### TASK INSTRUCTIONS
Repeat the listing word for word. Leave every picture out.

### DATA EXTRACT
┄┄┄┄┄┄┄┄┄┄

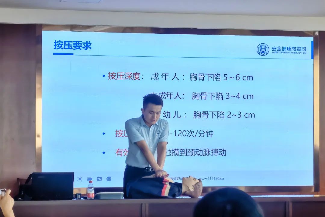 授課期間,健康教育專家通過課件的形式圍繞著職業(yè)健康知識普及如何實施職業(yè)健康保護、如何預(yù)防心腦血管疾病等方面的內(nèi)容進行了深入淺出的講解。同時,為了進一步提高培訓(xùn)效果,使大家真正掌握實操的處置能力,在完成授課內(nèi)容后,又組織安排實施了心肺復(fù)蘇胸外按壓應(yīng)急救護模擬練習,大家按照講解的操作流程,積極參與演練,在專家的指導(dǎo)下,大家操作規(guī)范,方法得當,模擬練習取得圓滿成功。
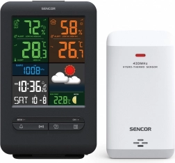 Bemutatjuk a Sencor időjárás-állomást, amely a modern dizájnt praktikus funkciókkal ötvözi. A 5,4″-os színes kijelzőnek köszönhetően könnyedén elolvashat minden szükséges információt az időjárásról, beleértve az ikonikus előrejelzés megjelenítését: napos, félfelhős, borult, eső és hó.
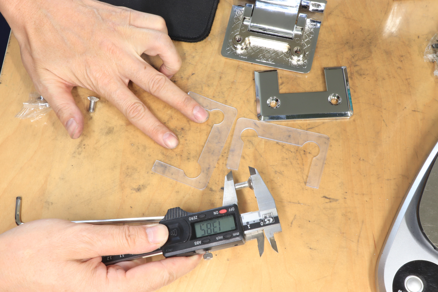 Петля из нержавеющей стали с полированной поверхностью из нержавеющей стали предназначена для стыковки между собой конструкционных элементов из стекла, толщина которых находится в диапазоне от 8 до 10 мм. Максимальный вес двери на 2 петли составляет 45 кг. В конструкции заложена система скрытого крепежа. Имеет функцию доводчика до закрытия от 25°. Максимальный угол разведения стыковочных элементов в плане составляет 90°. Крепление предусмотрено с двух сторон на 4 винта со шляпками заподлицо (по 2 винта на каждую сторону). Размер одной стороны петли составляет 90х55 мм.

┄┄┄┄┄┄┄┄┄┄

### TASK RESPONSE
 授課期間,健康教育專家通過課件的形式圍繞著職業(yè)健康知識普及如何實施職業(yè)健康保護、如何預(yù)防心腦血管疾病等方面的內(nèi)容進行了深入淺出的講解。同時,為了進一步提高培訓(xùn)效果,使大家真正掌握實操的處置能力,在完成授課內(nèi)容后,又組織安排實施了心肺復(fù)蘇胸外按壓應(yīng)急救護模擬練習,大家按照講解的操作流程,積極參與演練,在專家的指導(dǎo)下,大家操作規(guī)范,方法得當,模擬練習取得圓滿成功。
 Bemutatjuk a Sencor időjárás-állomást, amely a modern dizájnt praktikus funkciókkal ötvözi. A 5,4″-os színes kijelzőnek köszönhetően könnyedén elolvashat minden szükséges információt az időjárásról, beleértve az ikonikus előrejelzés megjelenítését: napos, félfelhős, borult, eső és hó.
 Петля из нержавеющей стали с полированной поверхностью из нержавеющей стали предназначена для стыковки между собой конструкционных элементов из стекла, толщина которых находится в диапазоне от 8 до 10 мм. Максимальный вес двери на 2 петли составляет 45 кг. В конструкции заложена система скрытого крепежа. Имеет функцию доводчика до закрытия от 25°. Максимальный угол разведения стыковочных элементов в плане составляет 90°. Крепление предусмотрено с двух сторон на 4 винта со шляпками заподлицо (по 2 винта на каждую сторону). Размер одной стороны петли составляет 90х55 мм.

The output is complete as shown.